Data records
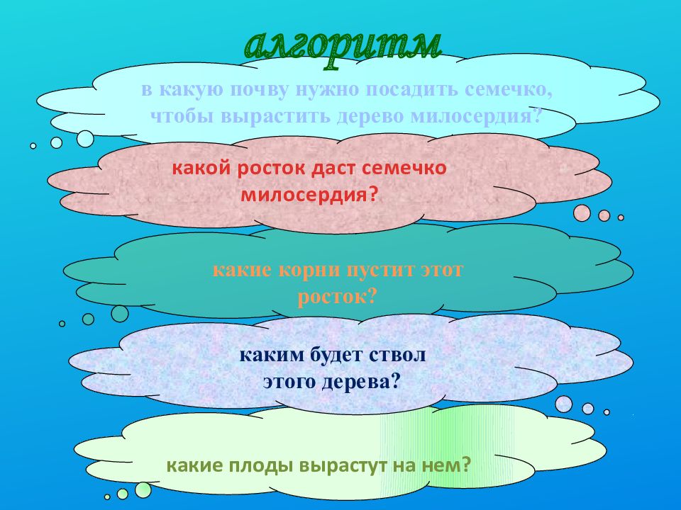 какие плоды вырастут на нем? алгоритм какой росток даст семечко милосердия? в какую почву нужно посадить семечко, чтобы вырастить дерево милосердия? какие корни пустит этот росток? каким будет ствол этого дерева?
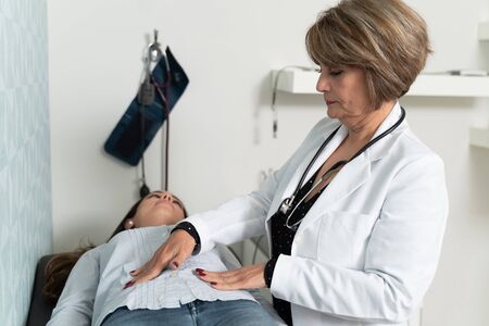 Close-up of doctor touching the stomach of the woman and holding medical exam
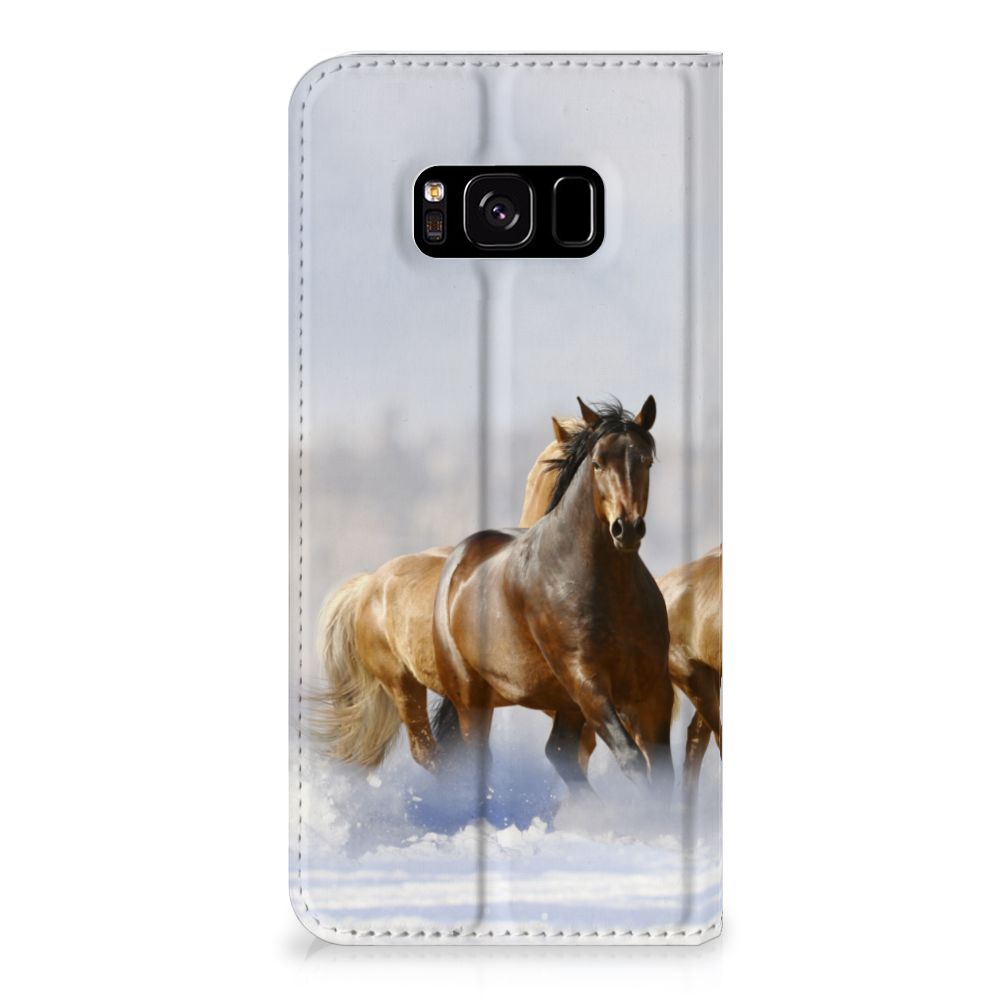 Voor de paardenliefhebbers onder ons hebben we onze collectie uitgebreid met dit design hoesje met print van paarden. Vroeger hield de mens vooral werkpaarden, inmiddels hebben we vriendschap gesloten met het paard. Vandaar dat het ook een favoriet dier is op onze smartphonehoesjes, zoals deze stand cases. Deze Samsung Galaxy S8 Hoesje maken met Paarden is niet alleen super mooi en chique, het sluit ook nog perfect dankzij de magneet aan de binnenzijde. Verder heeft de case een TPU houder aan de binnenzijde en een houder voor een pasje. Zie je liever je eigen paard terug op een hoesje? Dat kan! Door zelf een uniek hoesje te ontwerpen, met eigen foto’s en teksten. De stand case met paarden wordt aan alle zijden bedrukt.
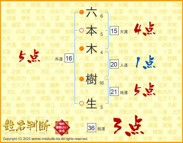 六(6画)本(5画)木(4画) 樹(16画)生(5画)
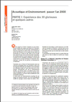 Acoustique et Environnement: passer l’an 2000 PARTIE I : Expérience des 30 glorieuses et quelques autres
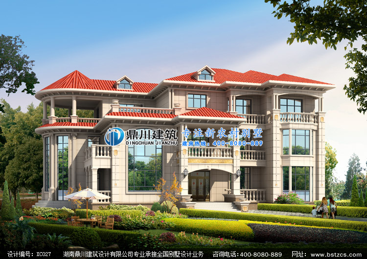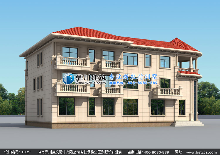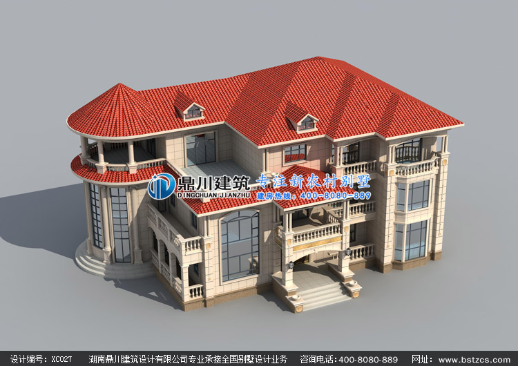 XC027大氣三層歐式別墅設計圖紙外觀效果圖,三層歐式別墅私人定制設計圖紙效果圖
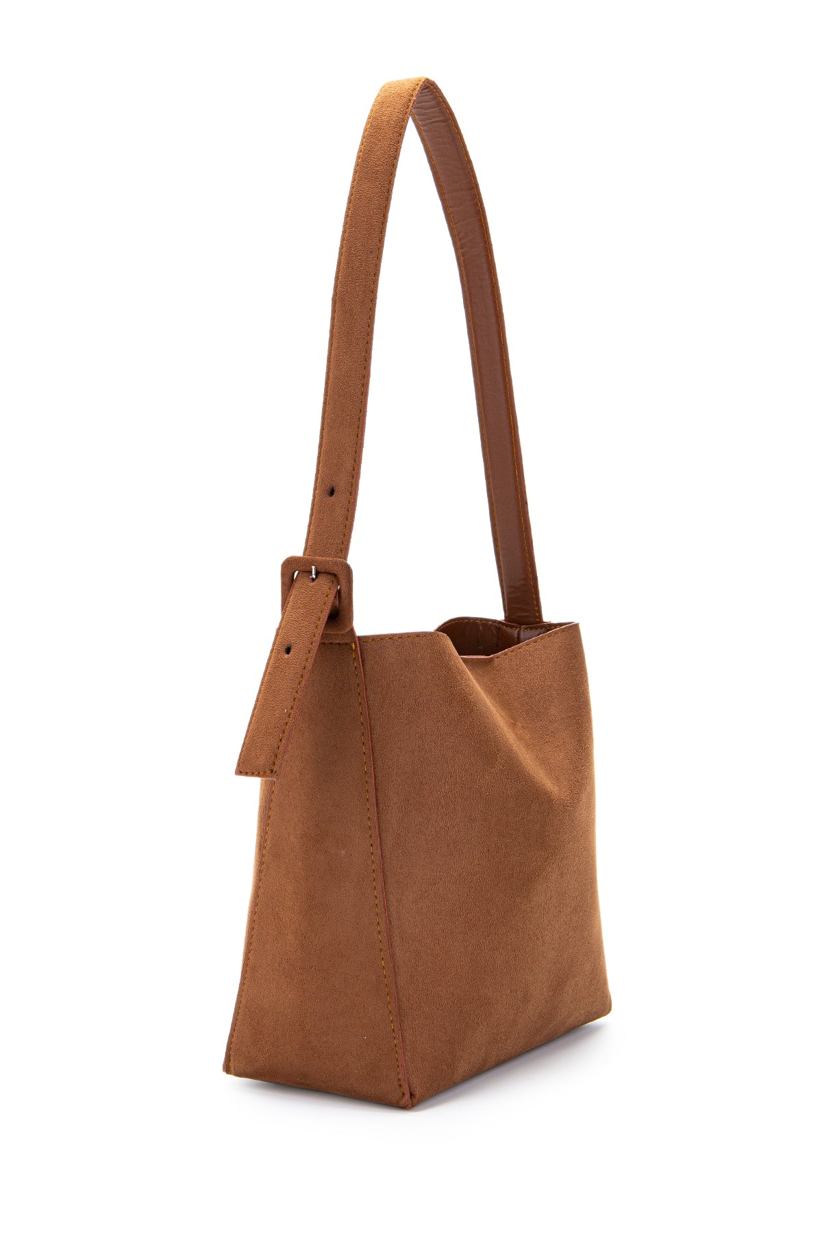 Kemer Askı Detaylı Süet Alita Kol Çanta Taba
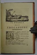 Cm. 18, pp. 110. Con bella antiporta allegorica, vignetta al frontespizio ed alcune finissime incisioni nel testo a mezza pagina. Legatura coeva in piena pelle bazzana, dorso liscio con fregi in oro. Esemplare appartenuto a G.B. Giovio e con dedica ms. dell'autore a quest'ultimo. Raro, due sole copie in Iccu.
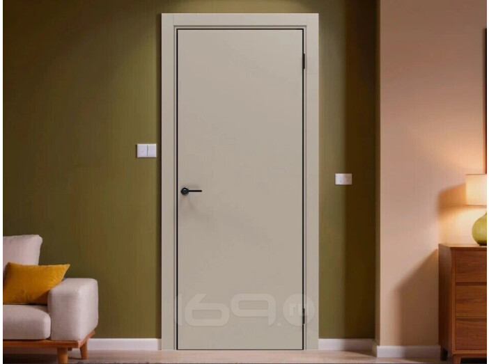 Дверь межкомнатная Порта-50 4AB ПЭТ Keramik Beige, глухая, кромка алюминиевая черная матовая, каркасно-щитовая
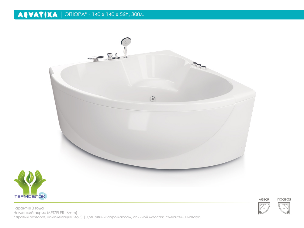 Круг сторонников гидромассажа становится все шире, а выбор акриловых ванн – все больше. Угловая модель «Эпюра», вмещающая 300 л воды, идеально впишется в Вашу жизнь. Симметричная форма изделия продиктована не только требованиями эстетики, но и функциональностью. Ванна идеально заполнит угол помещения, заняв минимум площади. Овальная форма внутренней чаши позволит пользователю принять самое комфортное положение. В угловой части предусмотрено глубокое сиденье, а на дне и боковых поверхностях могут быть установлены форсунки, подающие упругие струи воды для массажа тела. Купив модель «Эпюра», Вы легко превратите собственную ванную в домашний спа-салон. Система гидро- и аэромассажа окажет тонизирующее действие и поможет снять стресс и усталость.
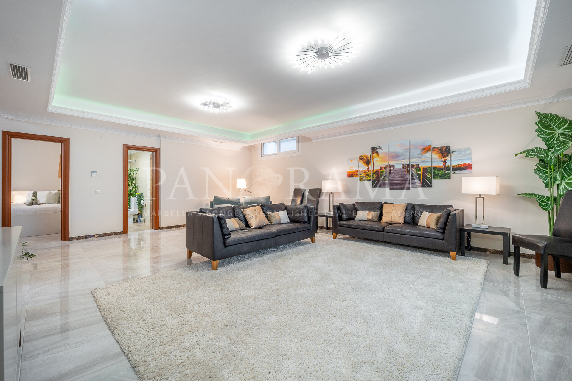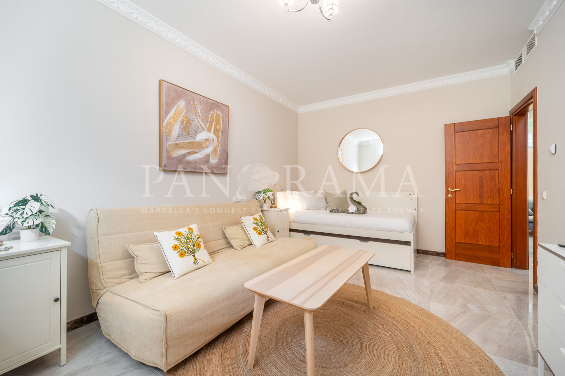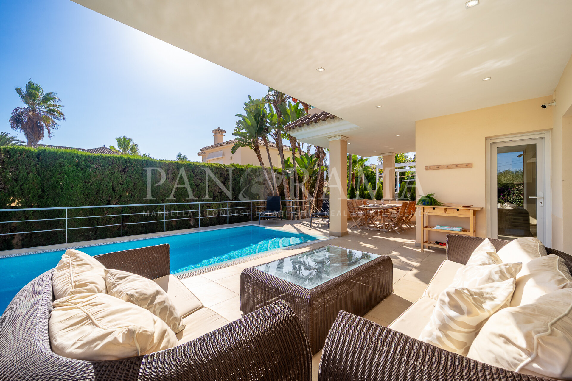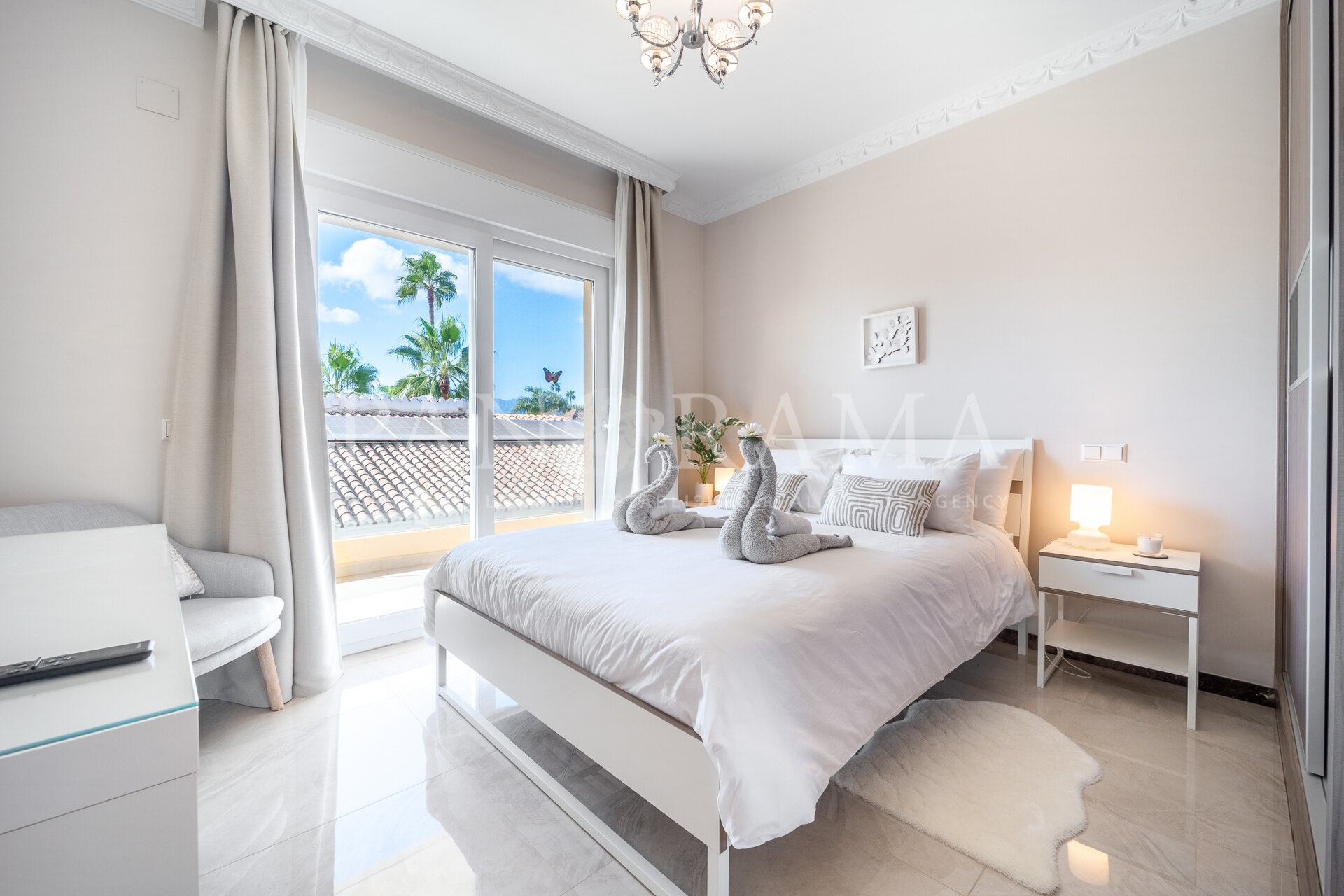 Diese wunderschön präsentierte Strandvilla befindet sich in der begehrten Gegend von Marbesa, Ost-Marbella – nur wenige Schritte von den goldenen Sandstränden Marbellas und einen kurzen Spaziergang von den bekannten Strandrestaurants Moosa Bay und Sinbad entfernt. Die Immobilie vereint Luxus, Komfort und Bequemlichkeit auf perfekte Weise und bietet eine außergewöhnliche Gelegenheit für alle, die ein Familienhaus, ein Feriendomizil oder eine Investition suchen, da sie über eine gültige Kurzzeitvermietungslizenz verfügt.
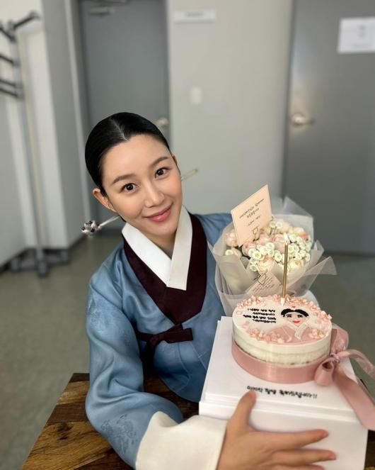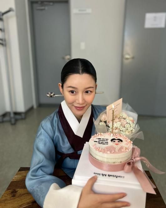 공개된 사진 속 이다인은 극중 의상인 한복을 입고 케이크를 앞에 두고 환한 미소를 짓고 있다. 단아한 미모가 눈길을 끈다.

**YOUR GOAL:** From the records above, copy only the lines running from the line holding "Kemer Askı Detaylı Süet Alita Kol Çanta Taba" through the line holding "Дверь межкомнатная Порта-50", with no pictures.

**ANSWER TO THIS PROBLEM:**
 Kemer Askı Detaylı Süet Alita Kol Çanta Taba
 Cm. 18, pp. 110. Con bella antiporta allegorica, vignetta al frontespizio ed alcune finissime incisioni nel testo a mezza pagina. Legatura coeva in piena pelle bazzana, dorso liscio con fregi in oro. Esemplare appartenuto a G.B. Giovio e con dedica ms. dell'autore a quest'ultimo. Raro, due sole copie in Iccu.
 Дверь межкомнатная Порта-50 4AB ПЭТ Keramik Beige, глухая, кромка алюминиевая черная матовая, каркасно-щитовая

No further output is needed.